Fifty four million two hundred eighty one thousand four hundred seventeen
- My SIM seduced the neighbor's husbands had forced them to leave the family, slept with them, wrote their portraits, and then throwing them. After that, I hung up the portraits in the long hallway leading to her bedroom, so each new victim walked through the gallery the previous.
- I once made a SIM and choose his attribute of love. But then his family fell on hard times and I sent him to fish. He fished a lot, we sold this fish, and things went smoothly. But one day I noticed that he was near the pond doing something wrong. Turns out he pulled a laptop out of the pond and sat down to play it. From fate will not leave.

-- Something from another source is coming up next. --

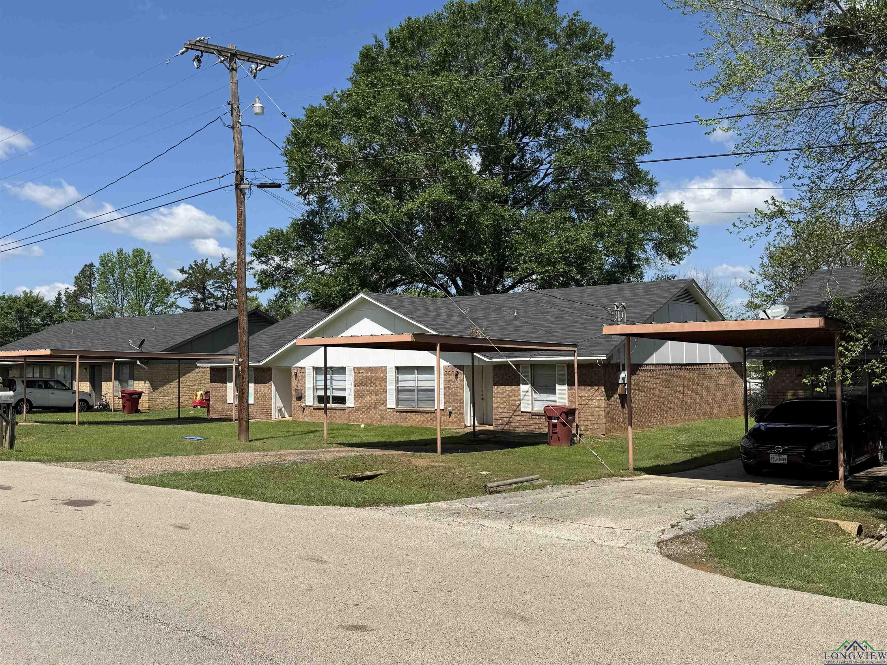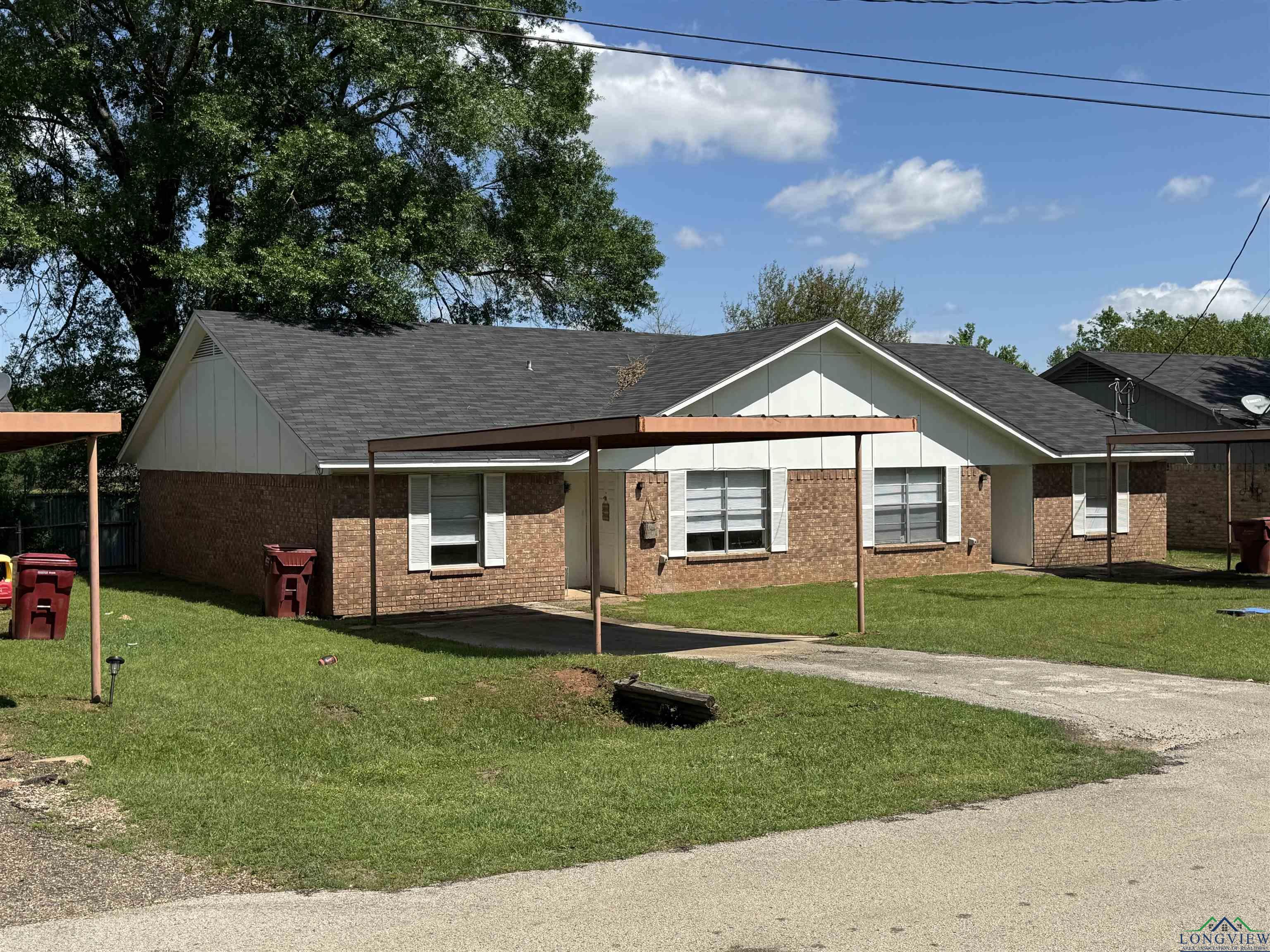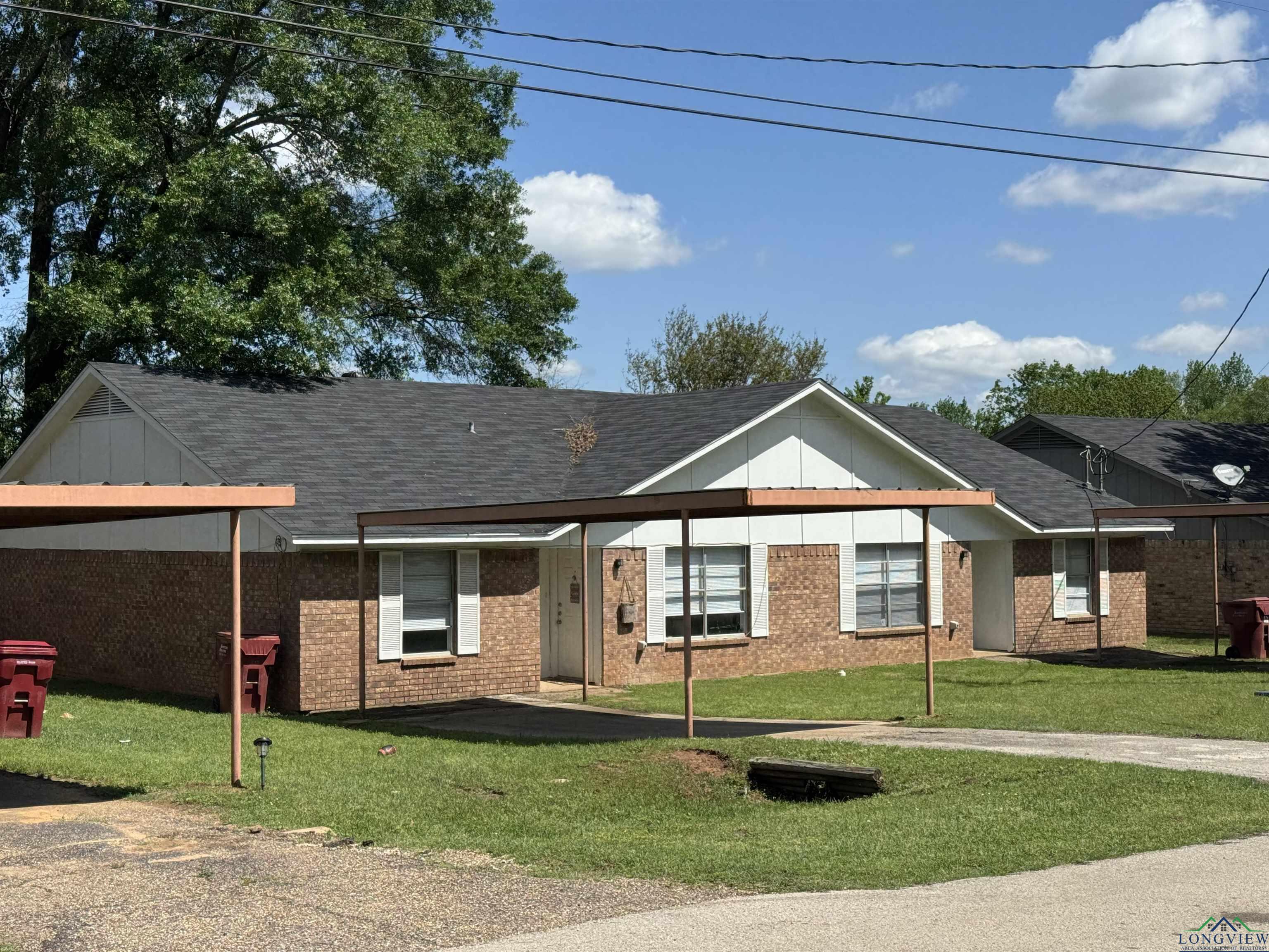 | Multi family home opportunity awaits at Young Rd in Hallsville Texas! 6 door income producing property, 3 duplexes located at 103, 105, and 107 Young Rd. Central location right in town off the main roads, close proximity to schools, stores and restaurants. Each unit has 1,798 sq ft of living space, 2 bedrooms and 1.5 bathrooms. All duplex’s are fully renovated in 2022, new roof completed as well. Plenty of room for income improvement, update to your liking. Call today to see all this property has to offer! | |

Sixty eight million five hundred ninety two thousand nine hundred thirty five
- Once I bought a mansion with a fence of hedges and wrought iron gates. Invited half the town for the holiday, and after parties are unable to expel this camp. On the option "kick all", they simply did not respond. The next day the herd fucked up my whole yard. And all complained that late for work... Mistake realized only through the day as it turned out, the gate was locked, the fence they jump could not.
- Yesterday I decided to try in the Sims 3 to play a bit. In short, sits my woman, eats, the front door comes a man in a hat. Look — it's nothing to do, and I rummaged around the house. Call the cops, the Hatter takes the TV and sofa at the entrance waiting for his COP passes him to go in the door, comes in and pulls 500 local money (I have a SN of about 90 money per day) for a false call. Yesterday I realized that life sucks.
Eighty three million sixty nine thousand four hundred ninety seven
- My friend once told me: "I Want to know what a woman wants, get her the Sims and give the code for the money."
- Now I remembered when I was younger, came to visit friends parents, and they had a personal computer with the installed Sims. So, I sat down for it, created a character, built a house and started to play. For those who don't know, the Sims is a life simulator. Woke up, had Breakfast — off to work, came home from work — it's almost evening. Ate, cleaned up, went to bed. And in the morning all over again. Time is always short, only weekend I could relax. I sat and thought: what a stupid game, never as in life, almost work all day, then more things pile: make, get, make out, and sleep once. "I'm constantly working, and to live when?"given the naive child in me with confident that in reality it is not so: and time more adults, and fewer problems... How wrong I was!